Re: [PATCH 02/18] mm: memcontrol: fix theoretical race in charge moving

From: Shakeel Butt
Date: Wed Apr 22 2020 - 12:51:35 EST


On Mon, Apr 20, 2020 at 3:11 PM Johannes Weiner <hannes@xxxxxxxxxxx> wrote:
>
> The move_lock is a per-memcg lock, but the VM accounting code that
> needs to acquire it comes from the page and follows page->mem_cgroup
> under RCU protection. That means that the page becomes unlocked not
> when we drop the move_lock, but when we update page->mem_cgroup. And
> that assignment doesn't imply any memory ordering.
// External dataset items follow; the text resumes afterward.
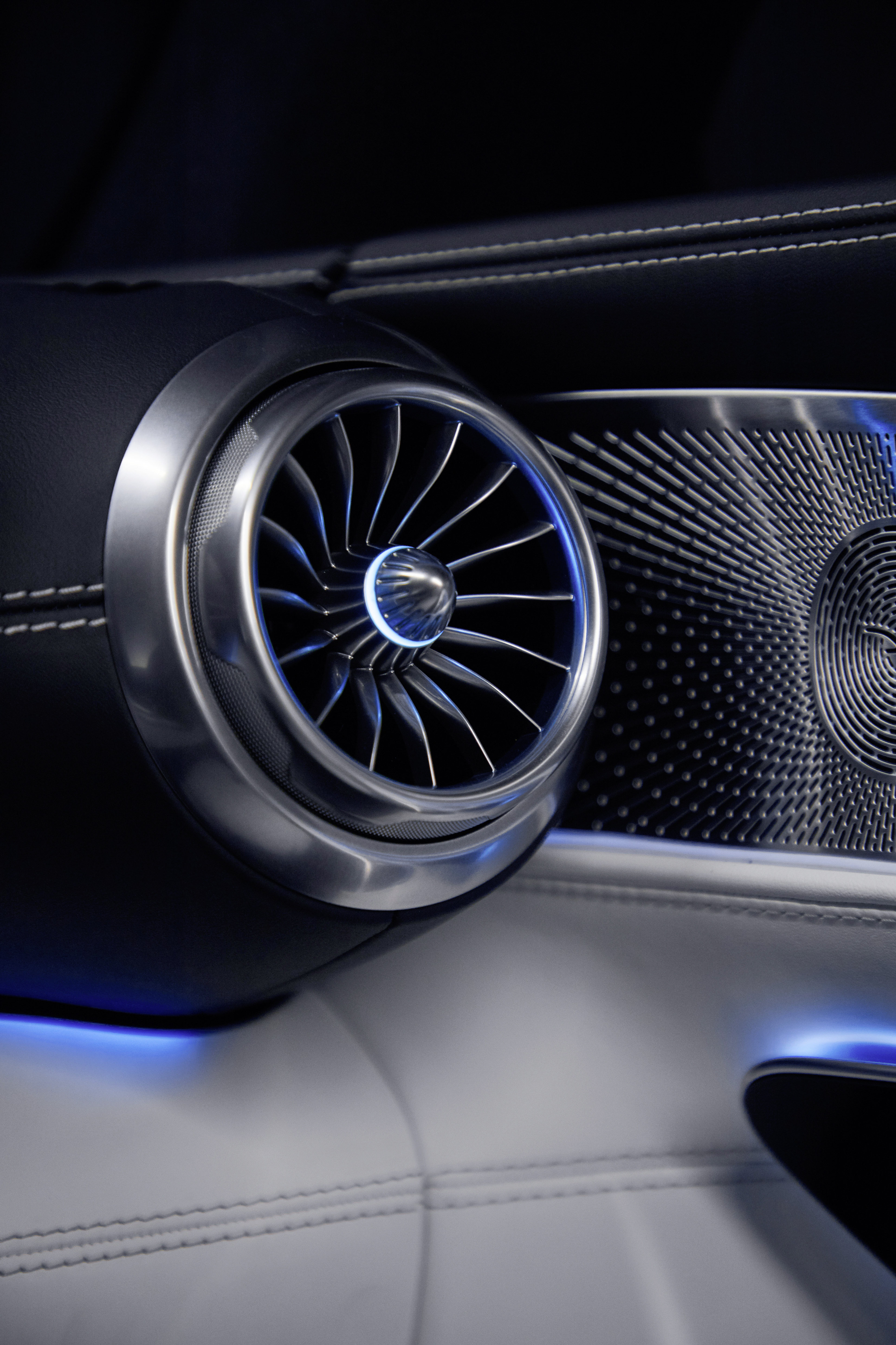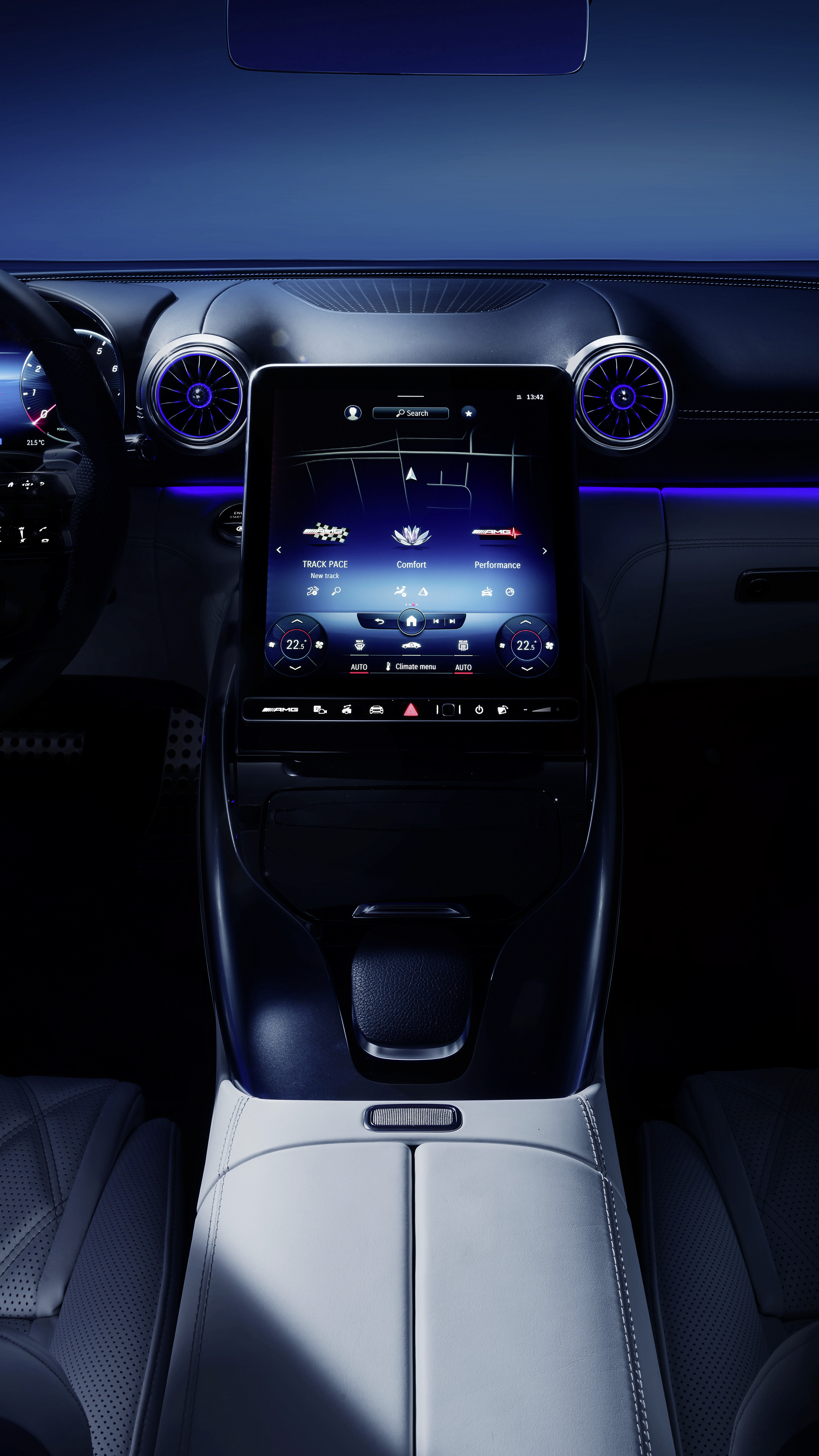 The center console provides visual interest in the space between the driver and front passenger. Of maximum width and rising sharply towards the front, it flows into the lower section of the instrument panel. The functional and visual center of the center console is the metallic panel that breaks through the leather surfaces at the front and rear. Featuring the air intake signature design element, it carries on the genes of the AMG GT and GT 4-Door Coupe. This design element thus becomes a hallmark AMG stylistic element in the interior. The air intake transitions almost seamlessly into the 11.9-inch multimedia touchscreen in portrait format. To avoid reflections caused by sunlight when driving with the top down, this screen can be adjusted electrically into a more vertical position. Its portrait format offers clear advantages, especially for navigation, as well as more space ergonomically. The touchscreen floats between the two central turbine nozzles as a digital contrast to more analog design elements.
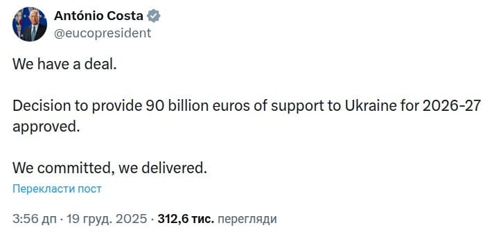 Ми досягли угоди. Ухвалене рішення про надання Україні допомоги в розмірі 90 мільярдів євро на 2026−27 роки. Ми взяли на себе зобов’язання і виконали його, — зазначив він.
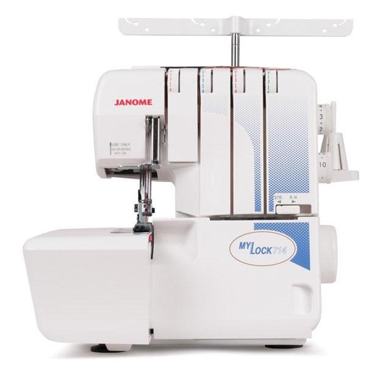 Оверлок Janome Mylock 714 белого цвета позволяет варьировать скорость шитья до 1300 стежков в минуту. Петлитель заправляется автоматически. Тип — 2/3/4ниточный. Давление лапки на материал можно регулировать. Длина стежка составляет от 1 до 5 мм. Параметры выставляются с помощью переключателей и поворотных ручек на корпусе. Габариты модели — 32х31х34 см. Вес изделия — 7,8 кг. Присутствует светодиодное освещение рабочей зоны. Корпус сделан из ударопрочного пластика. В комплекте идут чехол для хранения, мусоросборник, иглы, нитевдеватель, масло. Мощность прибора — 105 Вт.
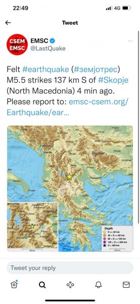 Ende nuk dihet se çfarë magnitude ka pasur tërmeti por epiqendra ka qenë në Republikën e Maqedonisë Veriore.
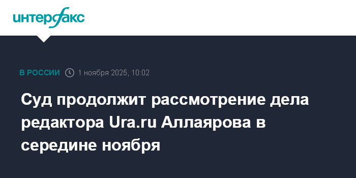 Суд продолжит рассмотрение дела редактора Ura.ru Аллаярова в середине ноября
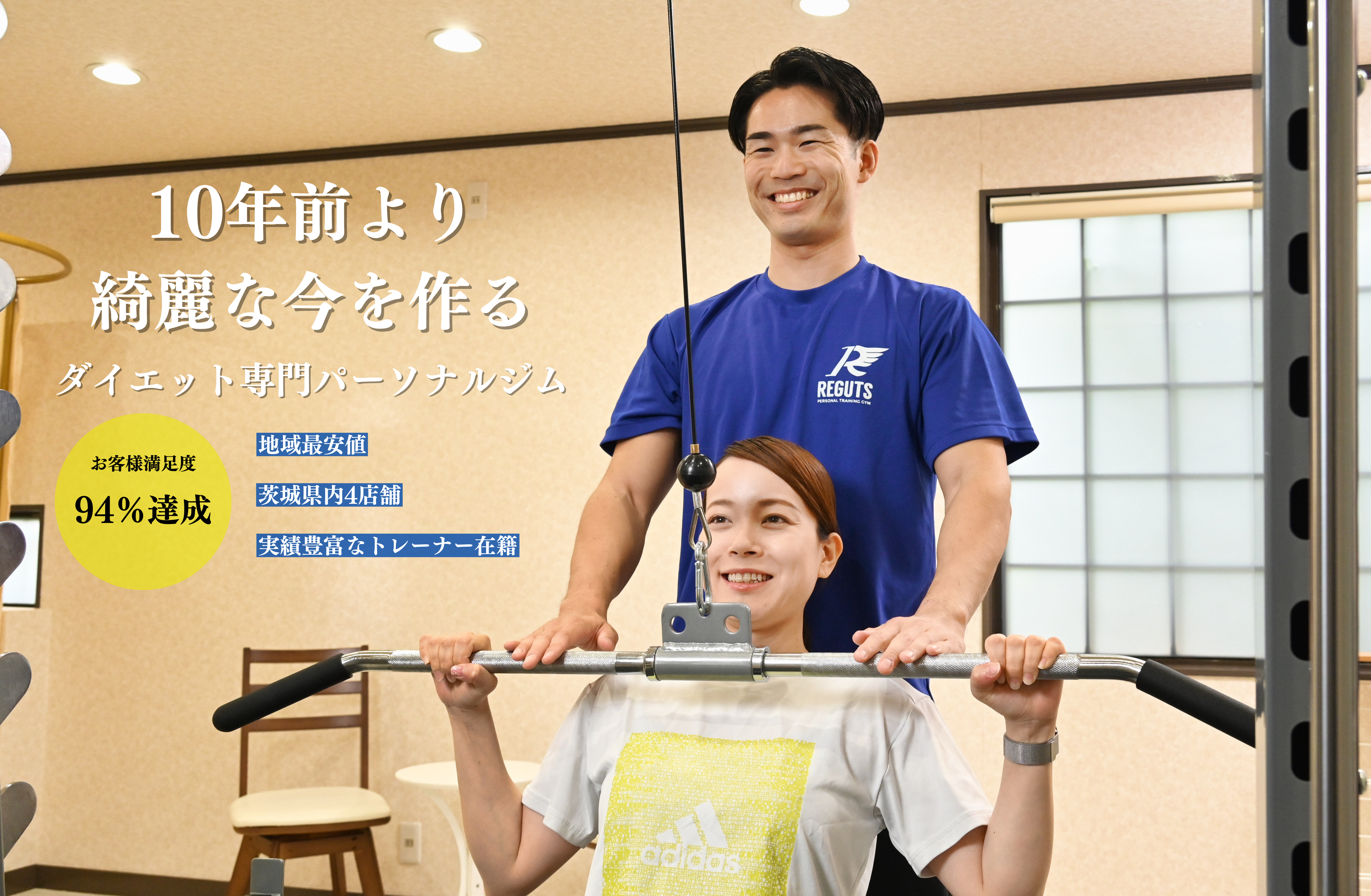 パーソナルジムREGUTS(リガッツ)つくば店は経験豊富なトレーナーが、あなたに合った栄養サポートとトレーニングを指導するパーソナルトレーニングジムです。

If that pointer
> write gets reordered against the reads of the page state -
> page_mapped, PageDirty etc. the state may change while we rely on it
> being stable and we can end up corrupting the counters.
>
> Place an SMP memory barrier to make sure we're done with all page
> state by the time the new page->mem_cgroup becomes visible.
>
> Also replace the open-coded move_lock with a lock_page_memcg() to make
> it more obvious what we're serializing against.
>
> Signed-off-by: Johannes Weiner <hannes@xxxxxxxxxxx>
> ---
> mm/memcontrol.c | 26 ++++++++++++++------------
> 1 file changed, 14 insertions(+), 12 deletions(-)
>
> diff --git a/mm/memcontrol.c b/mm/memcontrol.c
> index 5beea03dd58a..41f5ed79272e 100644
> --- a/mm/memcontrol.c
> +++ b/mm/memcontrol.c
> @@ -5372,7 +5372,6 @@ static int mem_cgroup_move_account(struct page *page,
> {
> struct lruvec *from_vec, *to_vec;
> struct pglist_data *pgdat;
> - unsigned long flags;
> unsigned int nr_pages = compound ? hpage_nr_pages(page) : 1;
> int ret;
> bool anon;
> @@ -5399,18 +5398,13 @@ static int mem_cgroup_move_account(struct page *page,
> from_vec = mem_cgroup_lruvec(from, pgdat);
> to_vec = mem_cgroup_lruvec(to, pgdat);
>
> - spin_lock_irqsave(&from->move_lock, flags);
> + lock_page_memcg(page);
>
> if (!anon && page_mapped(page)) {
> __mod_lruvec_state(from_vec, NR_FILE_MAPPED, -nr_pages);
> __mod_lruvec_state(to_vec, NR_FILE_MAPPED, nr_pages);
> }
>
> - /*
> - * move_lock grabbed above and caller set from->moving_account, so
> - * mod_memcg_page_state will serialize updates to PageDirty.
> - * So mapping should be stable for dirty pages.
> - */
> if (!anon && PageDirty(page)) {
> struct address_space *mapping = page_mapping(page);
>
> @@ -5426,15 +5420,23 @@ static int mem_cgroup_move_account(struct page *page,
> }
>
> /*
> + * All state has been migrated, let's switch to the new memcg.
> + *
> * It is safe to change page->mem_cgroup here because the page
> - * is referenced, charged, and isolated - we can't race with
> - * uncharging, charging, migration, or LRU putback.
> + * is referenced, charged, isolated, and locked: we can't race
> + * with (un)charging, migration, LRU putback, or anything else
> + * that would rely on a stable page->mem_cgroup.
> + *
> + * Note that lock_page_memcg is a memcg lock, not a page lock,
> + * to save space. As soon as we switch page->mem_cgroup to a
> + * new memcg that isn't locked, the above state can change
> + * concurrently again. Make sure we're truly done with it.
> */
> + smp_mb();

You said theoretical race in the subject but the above comment
convinced me that smp_mb() is required. So, why is the race still
theoretical?

>
> - /* caller should have done css_get */
> - page->mem_cgroup = to;
> + page->mem_cgroup = to; /* caller should have done css_get */
>
> - spin_unlock_irqrestore(&from->move_lock, flags);
> + __unlock_page_memcg(from);
>
> ret = 0;
>
> --
> 2.26.0
>